There was a time when auditions happened quietly. You showed up, did the work, and left. Whatever happened next stayed between you and the people in that room.
That boundary is starting to disappear.
With Kemi Adetiba taking casting to social media, something has shifted. On the surface, it looks like access. More people can participate, more talent can be seen, and the process feels open in a way Nollywood has not always been.
But when you sit with it for a moment, you realize the change is not just about access. It’s about visibility.
Actors are no longer just auditioning. They are posting. They are performing in a space where the audience is already present, watching, reacting, forming opinions before the film itself exists. The process has moved from a private room into a public timeline.
That changes the work in subtle ways.
An audition is no longer only about interpretation. It is also about presentation. You start thinking about how the performance will land on a screen that people can scroll past. You become aware of pacing, framing, and immediacy in a different way. Not because the character demands it, but because the platform does.
Over time, that awareness shapes what we begin to reward.
It becomes easier to notice performances that are sharp, immediate, and emotionally clear. Harder to sit with ones that take time to unfold. Not because they are weaker, but because they ask for patience in a space that does not encourage it.
So the question is not whether this approach will discover talent.
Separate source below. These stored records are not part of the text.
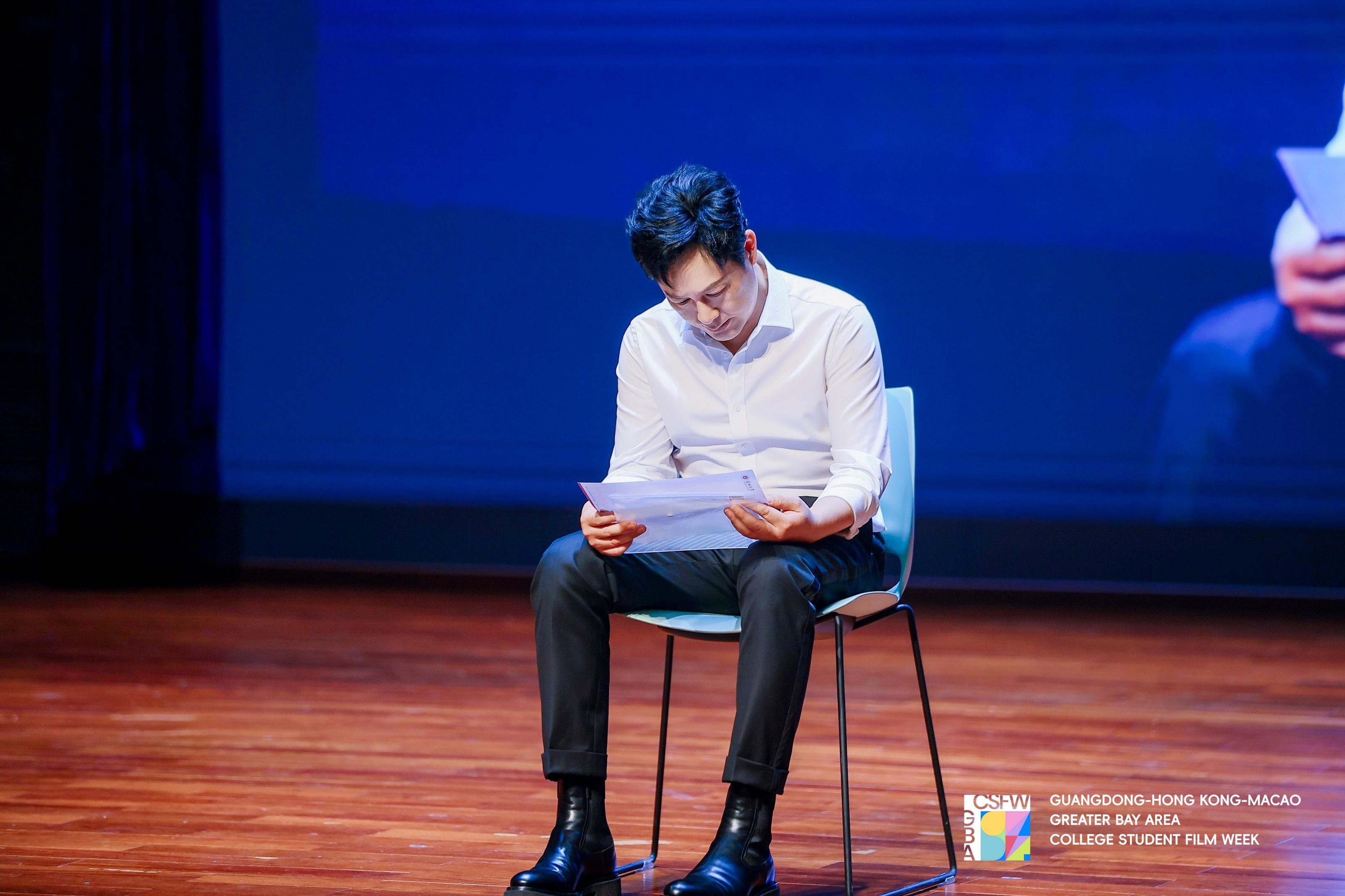 除了表演技巧,张颂文更分享了“积累生活” 的方法论。他坦言,自己24岁才考北京电影学院,此前做导游的经历,反而成了塑造角色的财富:“我当年羡慕大学生,甚至想借深大饭卡去食堂体验一顿——那些没上过大学的遗憾,后来都成了观察生活的动力。” 他建议学生保持好奇心,主动创造生活阅历,“细细品尝过的日子,会呈现出非常真实的细腻度,将来很可能就会在你的艺术中发光发亮。”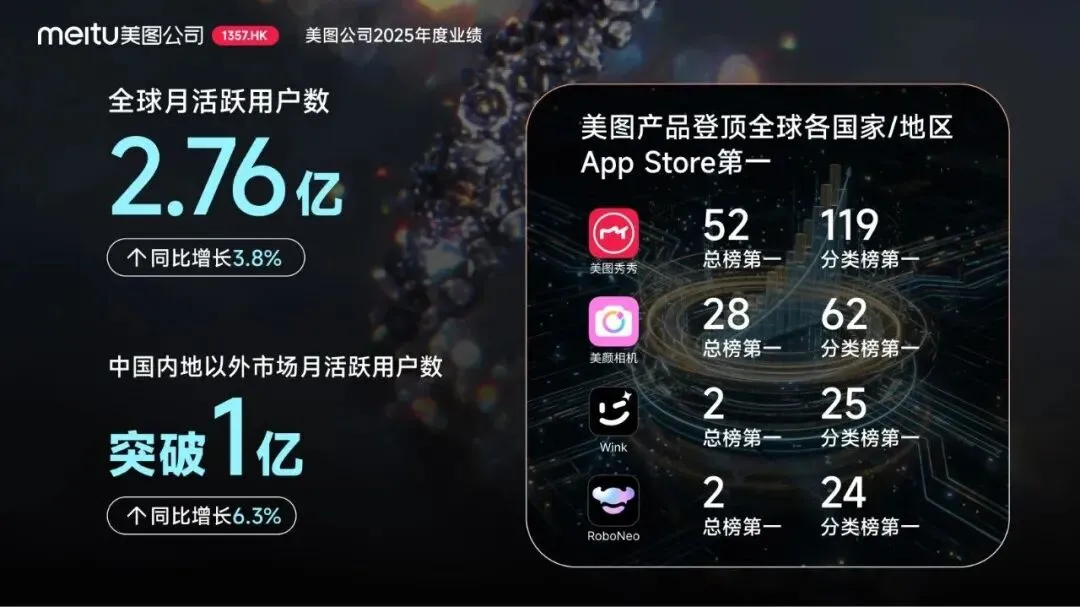 在国际化方面,美图公司的全球化战略成效显著。2025年,美图生活场景产品带动国际市场月活跃用户数突破1亿大关。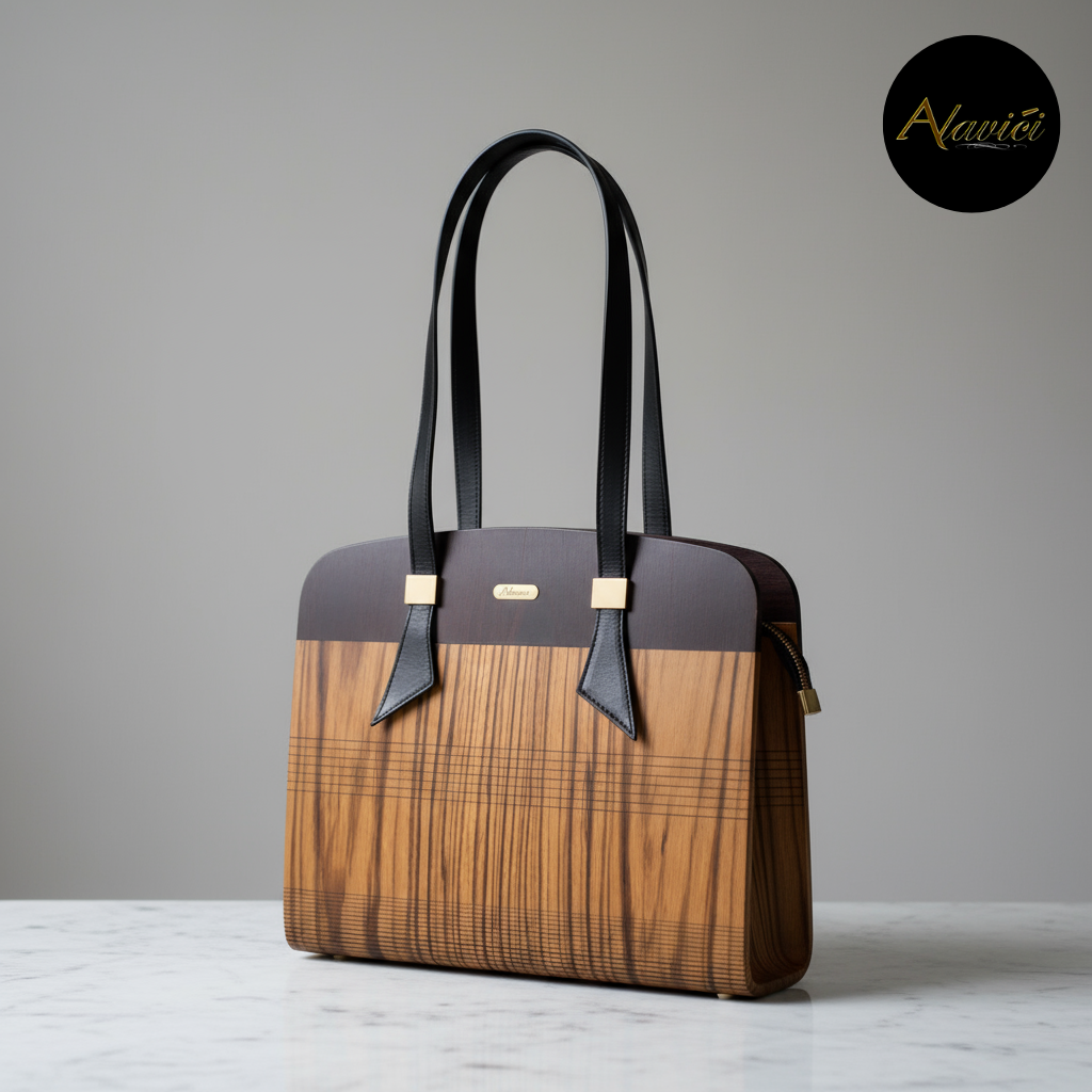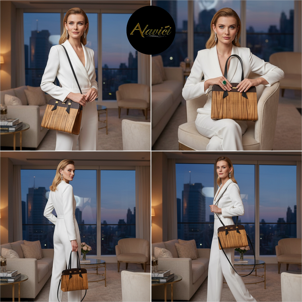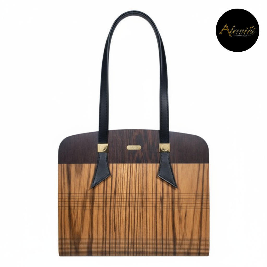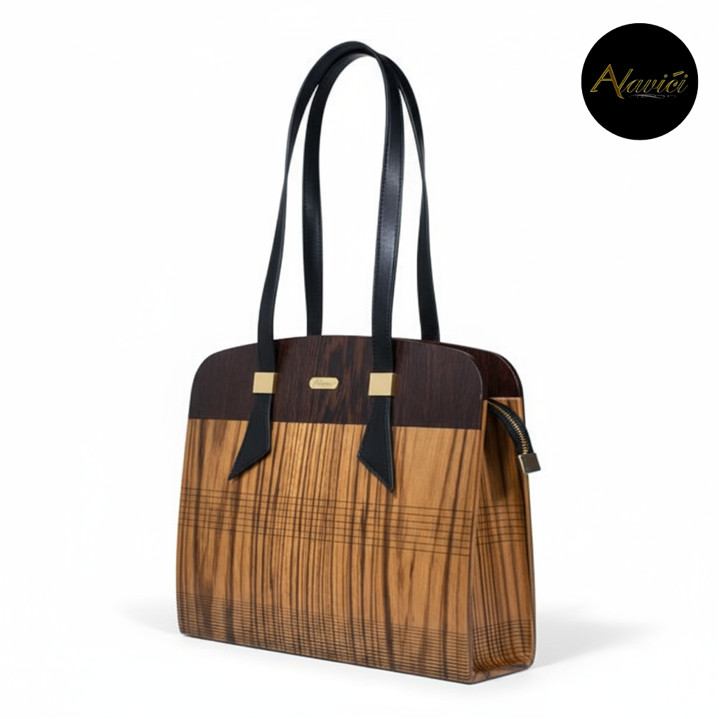 The Zebrawood & Deep Ebony Dual-Tone Tote is a masterclass in natural contrast. Featuring the bold, linear striations of exotic zebrawood paired with the commanding depth of ebony veneer, it evokes both vitality and authority. A structured profile with gold-accent hardware and long black leather straps elevates it from mere accessory to statement architecture for the hand.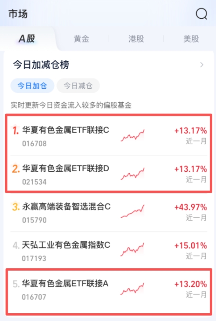 铜价长期看涨逻辑稳固,有色金属这块继续看好,$华夏有色金属ETF联接C$今天板块有调整直接加仓就是了,ACD3个份额全员上加仓榜,太吸金了,而且近一年收益超85%,加上现在D份额7天免赎回费,跟着加仓加仓$华夏有色金属ETF联接D$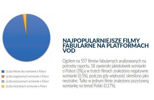 Jedynie w 3 obejrzanych filmach fabularnych znaleziono negatywne wzmianki o Polsce, natomiast wśród analizowanych 47 filmów dokumentalnych, w 17 (36%) stwierdzono szkodliwe przekłamania wobec Polski.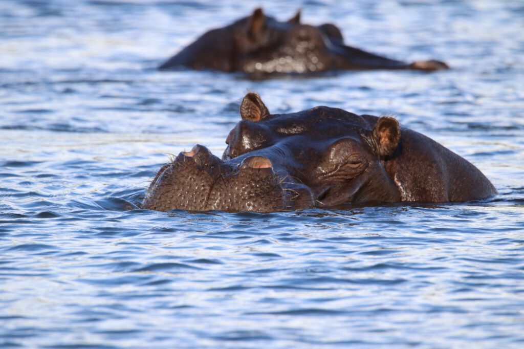 Gegen 17 Uhr starten wir erneut zu einer Bootsfahrt auf dem Kavango. Unser Guide Gilbert scheint zunächst nicht so motiviert wie Bernhard am Vortag, doch wir bekommen einiges geboten: wir fahren langsam an eine im Fluss treibende Flusspferdgruppe heran,

It will.
The question is what kind of talent it will favor.
When a casting process becomes visible, it stops being just a selection exercise. It becomes part of the story. People follow it, react to it, invest in it. By the time the film is made, there is already a sense of participation around it.
And that participation brings its own kind of pressure.
The film is no longer just expected to be good. It is expected to live up to the attention that created it. To justify the visibility that surrounded its formation.
None of this is inherently wrong. It is simply different.
But it is worth paying attention to, because Nollywood is not just changing how films are made. It is changing how they begin.
And how something begins often shapes what it becomes.